Wally Ibrahim, Campbellfield

“We have this saying. If you ask, ‘Do you know that guy?’ and someone says, ‘Yes’, then ask, ‘Did you try him?’, and if they say ‘No’, then say, ‘You don’t know him’. This is a way of saying you cannot judge people for their look or through their religion or through their background. You judge people by who they are, for how they treat you.”

An audio clip from this interview with Wally Ibrahim:

So, what is a typical day like for you?

A typical day: I wake up in the morning, have my cup of coffee and get myself ready to go to work, start my day at work here [WI Building Services] and finish it exhausted, and then head back home to my wife and the kids, where I am with them, entertain them and live with them for the next four or five hours of my life, and then I go to sleep. So, this has been my day basically every day for the last three years of my life.

So, have you always lived in Australia?

Not fully. I arrived in Australia in 1996 and since 1996 I’ve lived in Australia at least 21 years.

Where did you live before that?

I lived in Jordan, in Amman, and then before that I was living in Kuwait. I had been living in Kuwait 25 years.
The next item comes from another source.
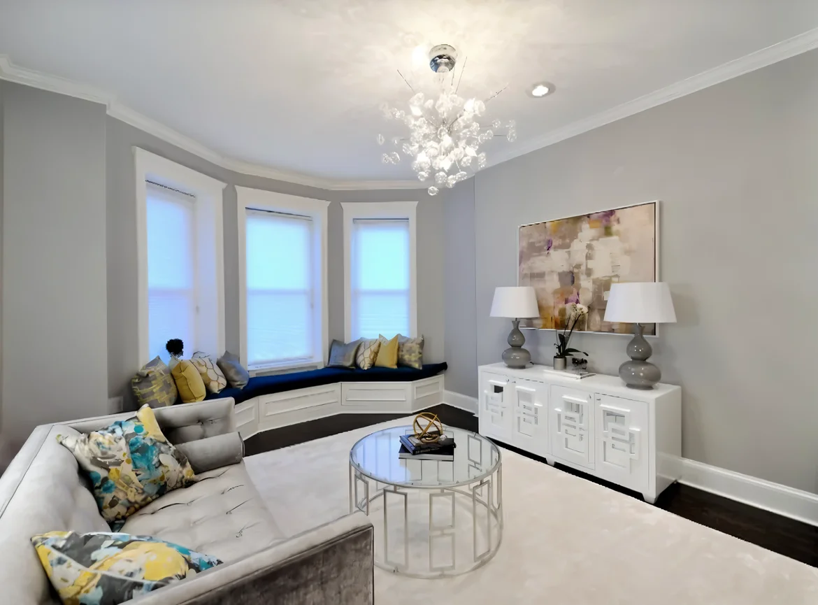 Added custom window seats with built-in storage, crown molding, dark hardwood flooring, fresh neutral paint in soft gray tones, and stylish built-in shelving. -

So, were you born in Kuwait? 

No, I was born in Palestine and then we moved to Kuwait

How old were you when you moved to Kuwait?

I was two years old and because of the 1967 Arab Israeli war, I moved, with my parents of course. They moved to Kuwait and then I stayed there until the other war, the Gulf War between Iraq and Kuwait, and then we had to move to Jordan. And I stayed there from 1991 until 95. Then I moved to Australia.

Do you have any memories of Palestine?

Not really, not really. I was just two years old.

So, what about Kuwait? What was life like in Kuwait?

Yeah, I have many memories for Kuwait: beautiful memories, the teenager stage and life there. Everything was beautiful there. I call Kuwait my first country because although I was born in Palestine I lived in Kuwait. Kuwait is the place I have lived longest and where I had the most beautiful time. I was there until I was 25 years of age and then unfortunately we had to leave Kuwait. So, I feel like Kuwait was my first country, not Palestine or Jordan, and then with that war, life changed.

What was life like in Jordan, Amman?

Amman life was good. It wasn’t that bad in Amman, but we were there during a war time and we had lost everything from our business in Kuwait and we had to start from zero. That was hard for us, growing again. We had a comfortable business in Kuwait, so when we moved to Jordan we had almost nothing and then we had to start again from nothing. So, that’s one of the reasons where I didn’t see a future for myself in Jordan and that’s why I decided to come to Australia.

I was going to ask what brought you to Australia?

Well, my sister was living here, and one of the reasons was that she was lonely. She asked and I applied to come to Australia. I came here and met my ex when I first visited Australia, and we were married and I moved to Australia in 1996.

You’ve been here a while. How is life here?

Yes, well I love it. I went to America in 2004 to visit my brother and when he asked me, “Where would you would prefer to live, Australia or America?”, I said, “I love Australia, I love Melbourne, and it feels like it is my home now”. I love Australia and the life in Australia and even when I go on holiday back home to Jordan, to see my family, I just go for four or five weeks, and I never feel like I’ve missed Jordan a lot or would go back to live there. I love Australia and especially Melbourne. For me it’s my country now. My home.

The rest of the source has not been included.